Given a step, use the associated pb2 node to find the names of all upstream nodes.

Parameters:

Name	Type	Description	Default
`step`	`BaseStep`	Instance of a Pipeline Step	required
`pb2_pipeline`	`Pipeline`	Protobuf Pipeline instance	required

Returns:

Type	Description
`List[str]`	List of step names from direct upstream steps

Source code in zenml/orchestrators/base_orchestrator.py

def get_upstream_step_names(
    self, step: "BaseStep", pb2_pipeline: Pb2Pipeline
) -> List[str]:
    """Given a step, use the associated pb2 node to find the names of all upstream nodes.

    Args:
        step: Instance of a Pipeline Step
        pb2_pipeline: Protobuf Pipeline instance

    Returns:
        List of step names from direct upstream steps
    """
    node = self._get_node_with_step_name(step.name, pb2_pipeline)

    upstream_steps = []
    for upstream_node in node.upstream_nodes:
        upstream_steps.append(upstream_node)

    return upstream_steps

`prepare_or_run_pipeline(self, sorted_steps, pipeline, pb2_pipeline, stack, runtime_configuration)`

This method needs to be implemented by the respective orchestrator.

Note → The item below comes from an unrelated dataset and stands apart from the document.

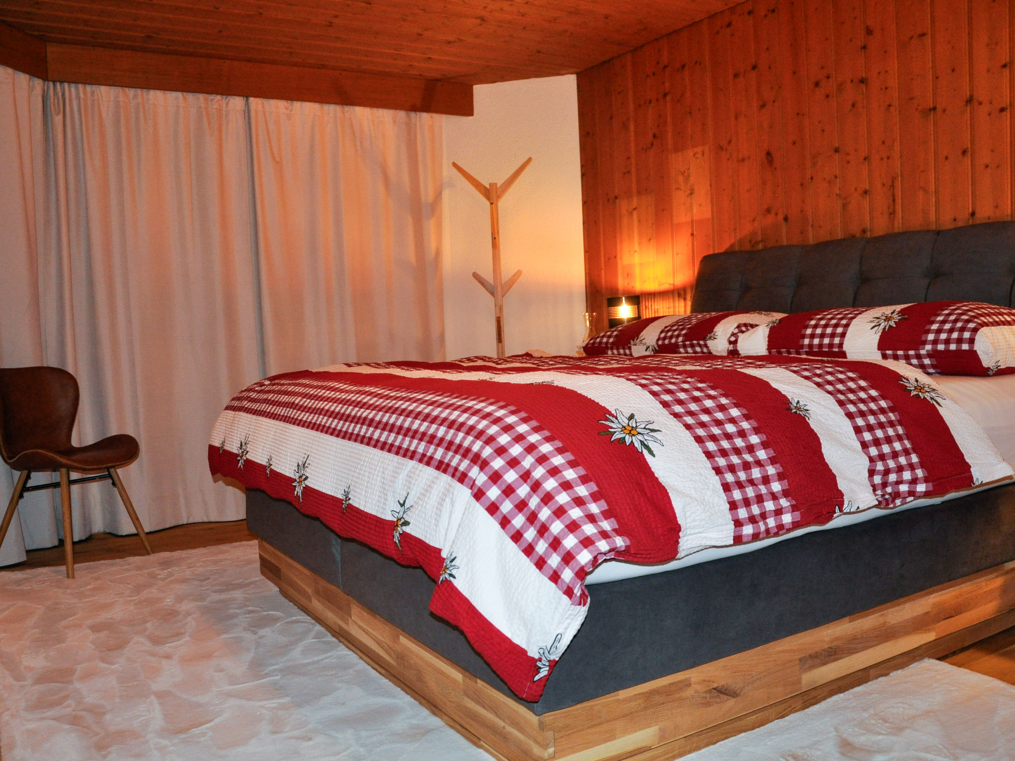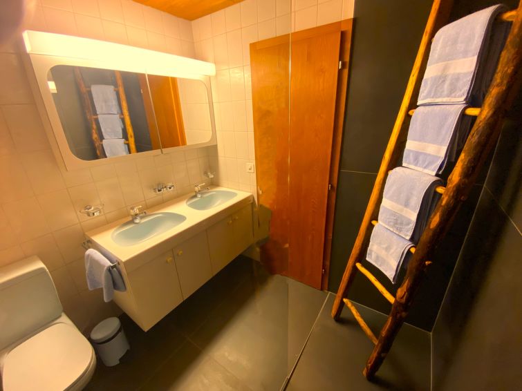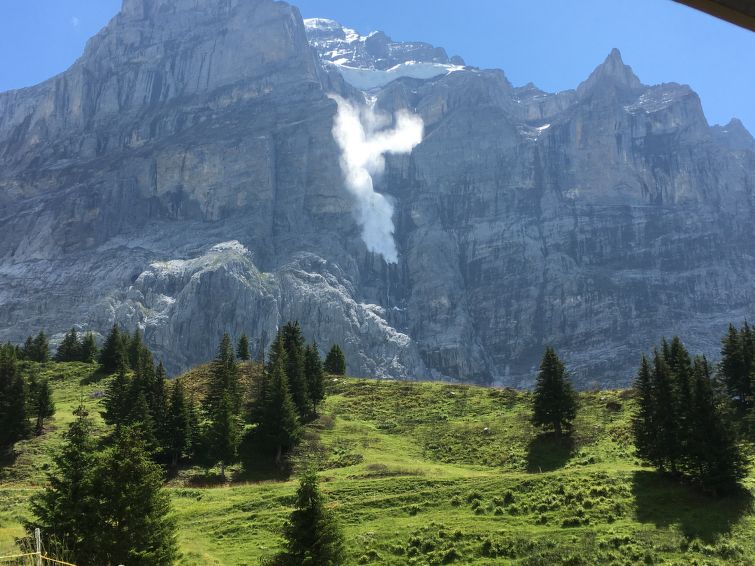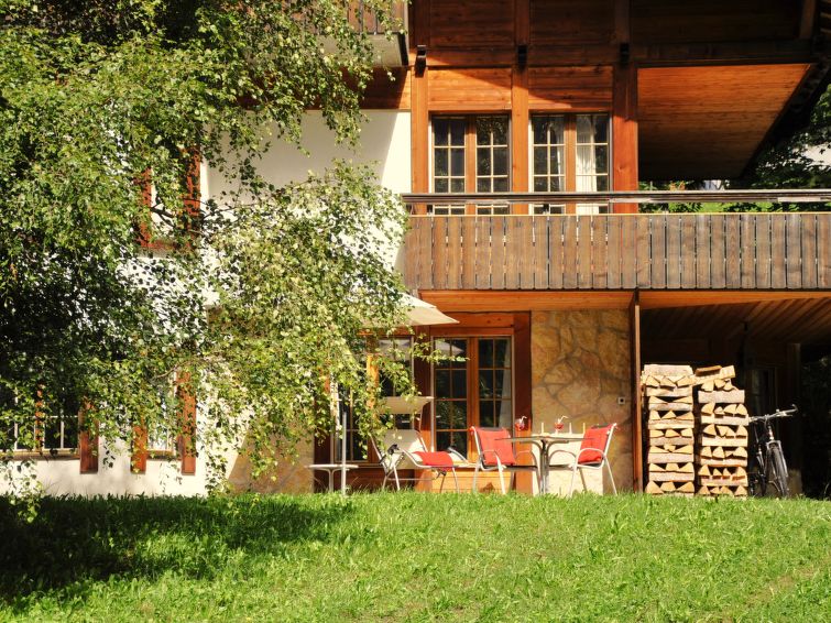 2-Zimmer-Wohnung 64 m2, im Erdgeschoss, Südlage. Geräumig, rustikal und gemütlich eingerichtet: Wohnzimmer mit Internationale TV-Sender. Ausgang zur Terrasse. 1 Zimmer mit 1 Bett (180 cm, Länge 200 cm), Dusche/WC. Wohnküche (Backofen, Geschirrspüler, 4 Glaskeramikplatten, elektrische Kaffeemaschine, Kapseln für die Kaffeemaschine (Nespresso) extra, Racletteofen). Sep. WC. Holzdielenboden, Natursteinboden. Herrliche Sicht auf Eigernordwand. Zur Verfügung: Internet (WLAN, gratis). Parkplatz in 40 m. Bitte beachten: Nichtraucher-Unterkunft.

Depending on the type of orchestrator you'll have to perform slightly different operations.

Simple Case:

The Steps are run directly from within the same environment in which the orchestrator code is executed. In this case you will need to deal with implementation-specific runtime configurations (like the schedule) and then iterate through each step and finally call self.run_step() to execute each step.

Advanced Case:

Most orchestrators will not run the steps directly. Instead, they build some intermediate representation of the pipeline that is then used to create and run the pipeline and its steps on the target environment. For such orchestrators this method will have to build this representation and either deploy it directly or return it.

Regardless of the implementation details, the orchestrator will need to a way to trigger each step in the target environment. For this the run_step() method should be used.

In case the orchestrator is using docker containers for orchestration of each step, the zenml.entrypoints.step_entrypoint module can be used as a generalized entrypoint that sets up all the necessary prerequisites, parses input parameters and finally executes the step using the run_step()method.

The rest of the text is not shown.